Publication bias was assessed for each meta-analysis result using Begg's test and Egger's test, which indicated that publication bias existed in the studies on blood vitamin E levels in patients with depression (P < 0.05), while no publication bias was observed in the remaining studies (P > 0.05) (Table S7). To address the potential issue of publication bias, the trim-and-fill method was employed for further analysis. For studies on blood vitamin E levels in patients with depression, statistical significance was observed before applying the trim-and-fill method (SMD = −0.77; 95% CI: −1.39, −0.16; and P < 0.05). After incorporating data from three imputed studies via the trim-and-fill method and re-analyzing all studies in the meta-analysis, statistical significance was lost (SMD = −0.18; 95% CI: −0.99, 0.63; and P > 0.05).

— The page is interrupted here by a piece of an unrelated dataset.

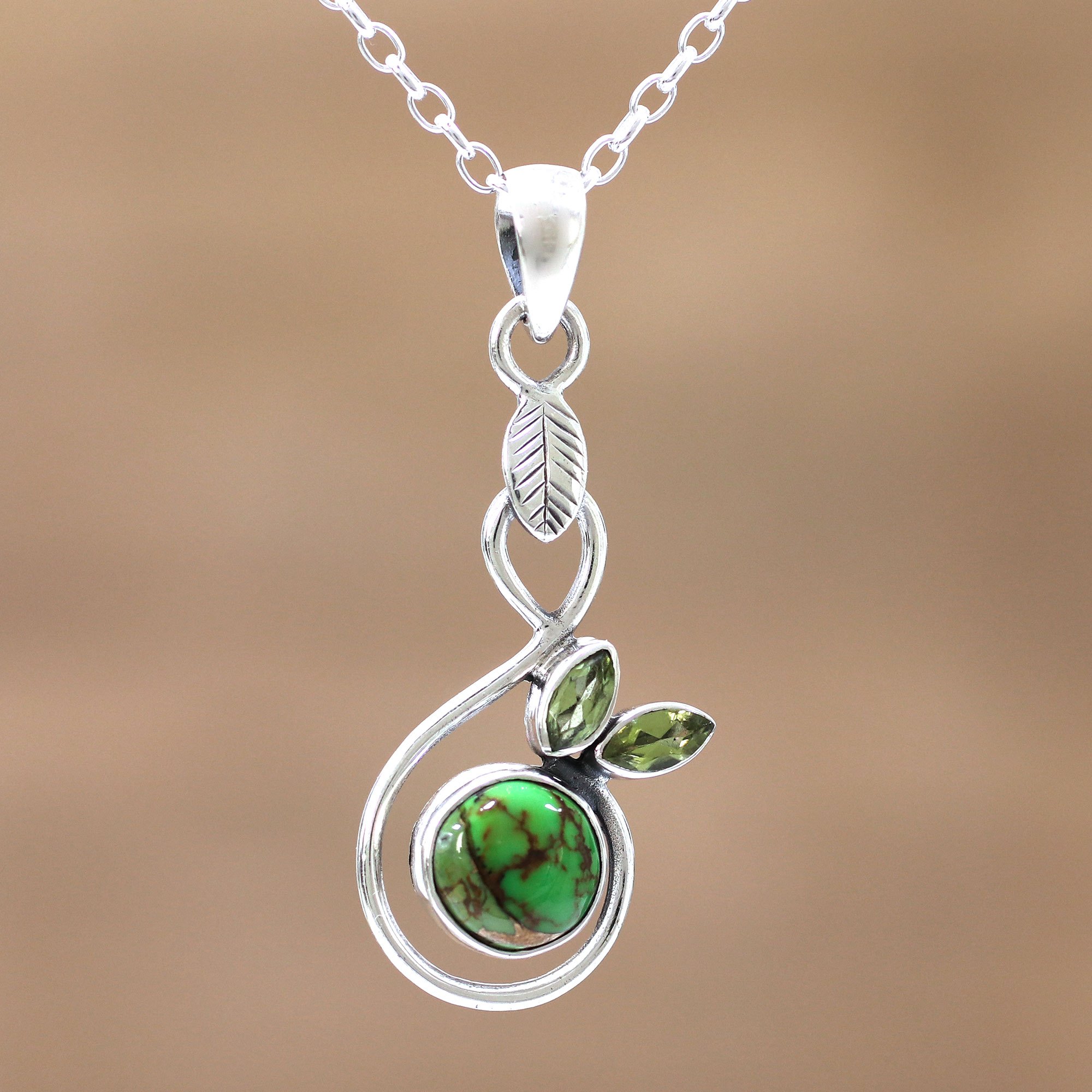 Evoking the beautiful verdure of springtime, this pendant necklace is presented by Shanker of India. Within a sterling silver swirl, leaf-shaped peridots rest atop green composite turquoise.

3.3.3 Blood levels of antioxidant vitamins in patients with SZ.
The meta-analysis revealed no significant difference in blood vitamin A (SMD = −0.37; 95% CI: −0.85, 0.11; P = 0.13; and I2 = 66.62%) levels between SZ patients and controls, but significant differences were observed for vitamin C (SMD = −0.85; 95% CI: −1.49, −0.21; P = 0.01; and I2 = 82.98%) and vitamin E (SMD = −0.92; 95% CI: −1.21, −0.62; P < 0.01; and I2 = 74.02%), with lower levels in SZ patients (Fig. 3).
 |
| | Fig. 3 Forest plot of antioxidant vitamin levels in the blood of patients with SZ and controls. A: Vitamin A; B: vitamin C; and C: vitamin E. | |
Sensitivity analysis indicated that the meta-analysis results were relatively stable, with no extreme results observed (Fig. S9). Due to high heterogeneity, subgroup analyses based on country and diagnostic criteria were performed (Table S9), but heterogeneity remained high within subgroups, with no significant reduction compared to the overall analysis.

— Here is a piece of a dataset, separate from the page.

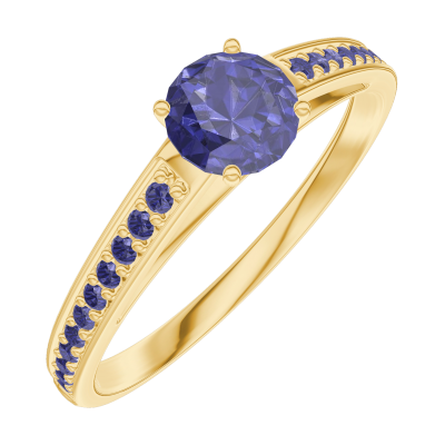 « L'ATELIER » N.º 1000768Anillo Oro amarillo 9 quilates - Zafiro sintético redondo 0.3 quilates - Engastado Zafiro azul 4.5

Publication bias was assessed for studies on blood levels of vitamins C and E in patients with SZ using Begg's test and Egger's test, which indicated that publication bias existed in the subset of studies focusing on blood vitamin C levels (P < 0.05), while no publication bias was observed in those focusing on blood vitamin E levels (P > 0.05) (Table S7). To address the potential issue of publication bias, the trim-and-fill method was employed for further analysis of the vitamin C subset. For these vitamin C studies, statistical significance was observed before applying the trim-and-fill method (SMD = −0.34; 95% CI: −0.54, −0.13; and P < 0.05). After incorporating data from three imputed studies using the trim-and-fill method and re-analyzing all vitamin C studies in the meta-analysis, statistical significance was lost (SMD = −0.16; 95% CI: −0.34, 0.03; and P > 0.05).
3.4 Meta-analysis of the causal relationship between antioxidant vitamins and mental disorders
We conducted a meta-analysis of MR studies investigating the associations between vitamins A, C, E and two conditions (depression and SZ). The primary IVW analysis showed no significant associations in the following specific comparisons: between vitamin A and depression (OR = 0.98, 95% CI: 0.89, 1.08, P = 0.71; I2 = 90.48%), vitamin C and SZ (OR = 0.95, 95% CI: 0.86, 1.06, P = 0.38; I2 < 0.01%), vitamin E and SZ (OR = 0.94, 95% CI: 0.81, 1.10, P = 0.45; I2 = 43.26%), and vitamin E and depression (OR = 0.95, 95% CI: 0.88, 1.02, P = 0.16; I2 = 47.63%) (Table S10). However, a statistically significant association was observed between vitamin C and depression (OR = 1.04, 95% CI: 1.01, 1.07, P = 0.01; I2 = 0.46%). Nevertheless, sensitivity analysis indicated that this result was influenced by one study,128 and the statistical significance of the association disappeared upon removal of this study (Fig. S10).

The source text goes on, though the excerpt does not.